Long wait over for heralded lineman Powe|[08/14/07]
Published 12:00 am Tuesday, August 14, 2007
OXFORD – It took Jerrell Powe two years to get onto the Ole Miss campus. It’s taken him less than two weeks to break into the starting lineup.
The defensive tackle from Wayne County, whose recruiting saga has played out over the last two years, has impressed the Ole Miss coaching staff enough in his short time in Oxford to win a job as a starting defensive tackle.
“Jerrell Powe has come in and been everything we expected him to be,” Ole Miss head coach Ed Orgeron said at the school’s media day on Monday. “He’s come in in excellent shape and is showing he can be a force in the middle.”
Powe’s trip to Oxford has been a long and winding one.
He originally signed with Ole Miss in 2005, but failed to meet academic requirements. He went to Hargrave Military Academy in Virginia that fall, committed to Ole Miss again in February 2006 and later sued the university to admit him.
The NCAA again denied eligibility to Powe last fall, but he kept working and was finally admitted to Ole Miss on a provisional basis last week. He still needs final approval from the NCAA, which is expected to come by the end of this week.
“We’ve done everything by the book. I said, tell me how you want it done, and done everything how they want it,” Powe said, adding that the drama off the field was fueling him to do better on it. “It’s the only way it’ll go away, is to get better at what you do. It’ll fade away if you do that.”
Orgeron praised Powe’s persistence and held him up as a model for all learning disabled students. Powe tried to downplay that praise, however.
“I ain’t never looked at how big a story it would be. I would tell them not to give up on their dream,” Powe said. “I was like any other student. Just trying to get into school.”
Powe is hardly like any other student, though.
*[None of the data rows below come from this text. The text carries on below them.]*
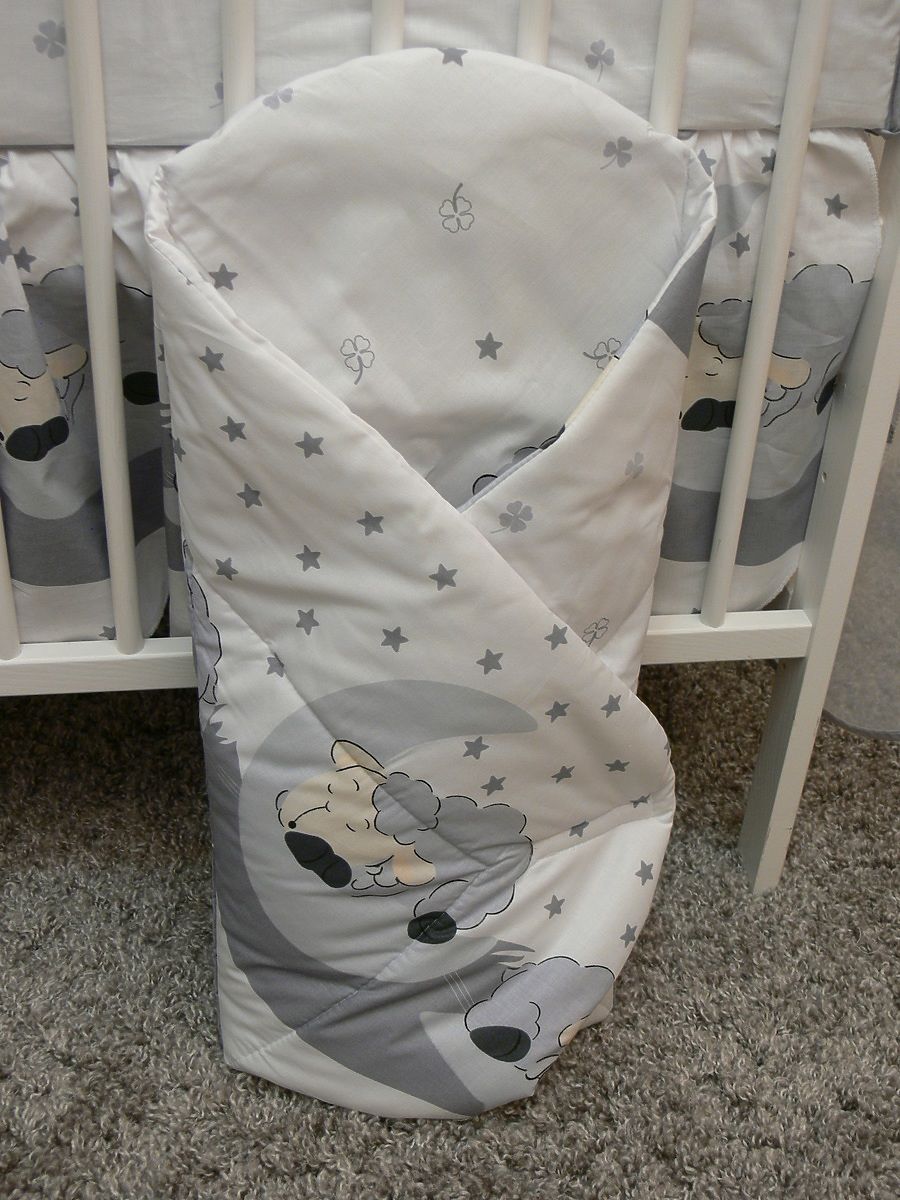 Obliečky sú vyrobené zo 100% bavlny. Výplň zavinovačky je polyester. Dojčiaci vankúš má silikónovú výplň.
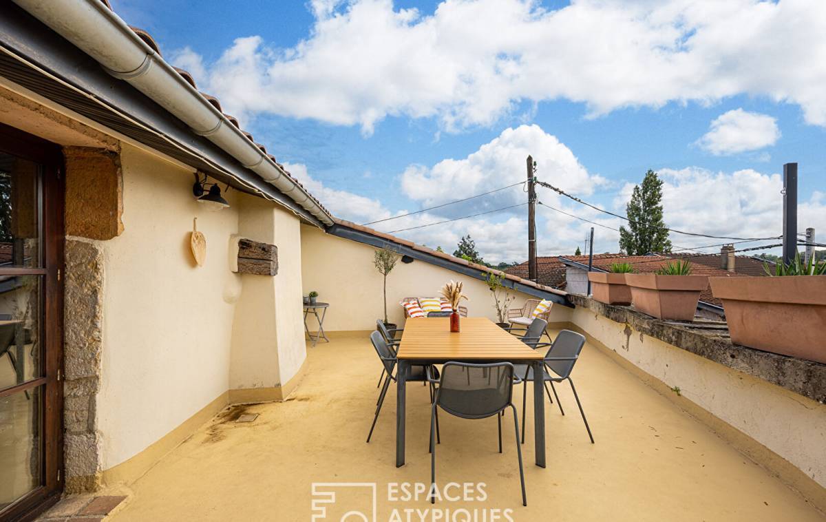 A second bedroom and a bathroom complete this level. A metal staircase leads to two additional bedrooms as well as an office and provides access to a 30 sqm rooftop terrace. The generous volumes, character, and character of this building make it a unique living space.
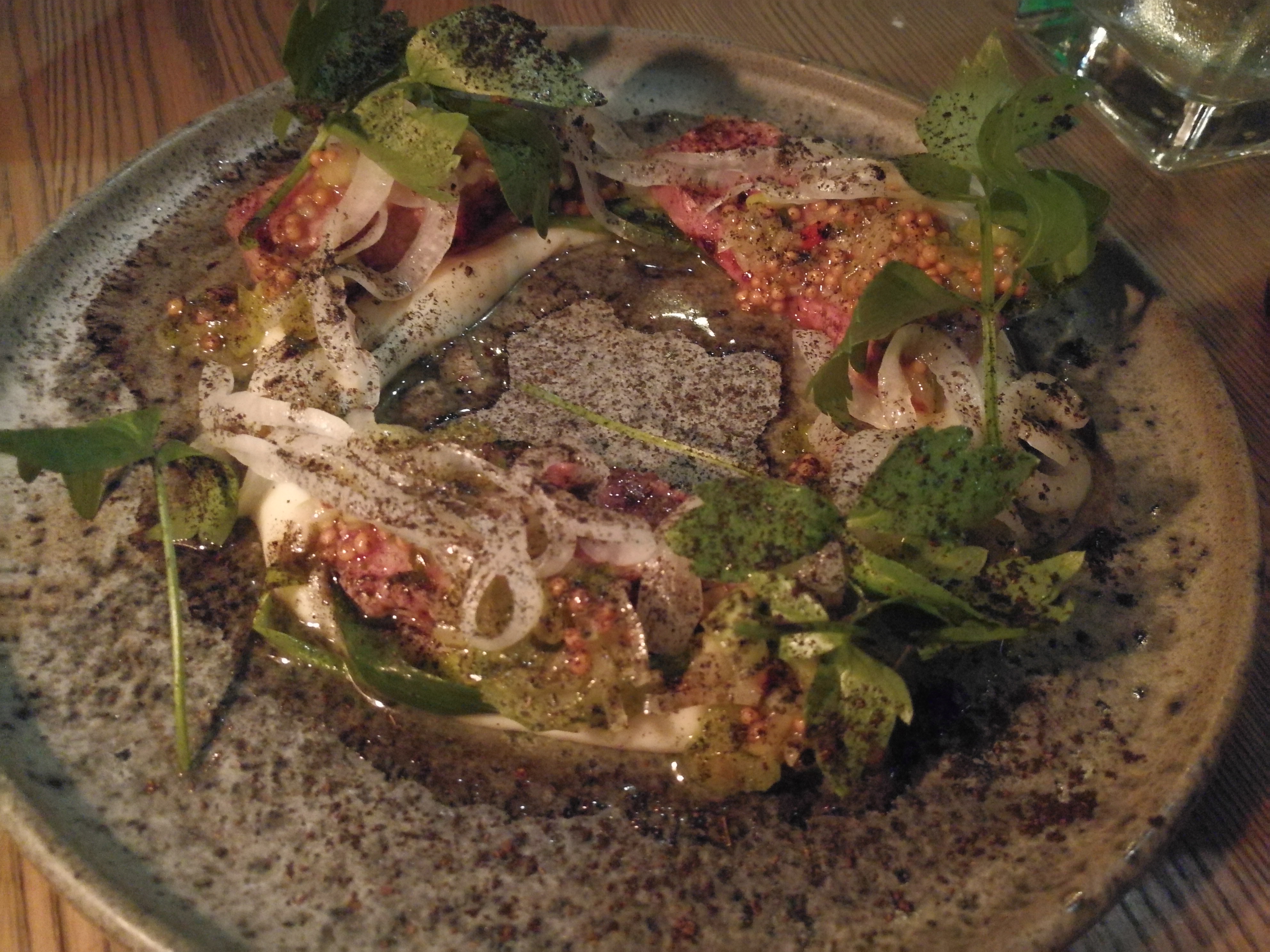 Speceriet : un tout petit restaurant, petit frère de l’étoilé Gastrologik juste à côté. Quelques grandes tables communes, des petits plats à partager, de la nouvelle cuisine Suédoise très réussie. Nous avions choisi :

He’s a 6-foot-2, 330-pound monster who sits square in the middle of Ole Miss’ line and is a linchpin of their revamped defense.
“You look at Jerrell Powe, a man his size, with that first step and the way he gets off the ball, I haven’t seen anything like that at all,” defensive coordinator John Thompson said.
While Powe believes he’s cleared the last hurdles in his path to eligibility, there’s still a chance the NCAA will deny it. It’s the same situation another Ole Miss starter, linebacker Chris Strong, is in.
Strong, a highly touted recruit from South Panola, was provisionally admitted to school the same day as Powe. And, like Powe, Strong has made quite a splash on the field while he waits for a final verdict. After one day of practice, Orgeron said he had seen enough to give him the starting middle linebacker job.
Orgeron added that he wasn’t concerned about giving playing time to two players who may have to pack up their gear at the end of the week.
“We’re giving them work, but other guys are getting reps too. We’re moving forward. We’re thinking positive,” Orgeron said. “Other guys have had their chance. They had the red jerseys and got beat down.”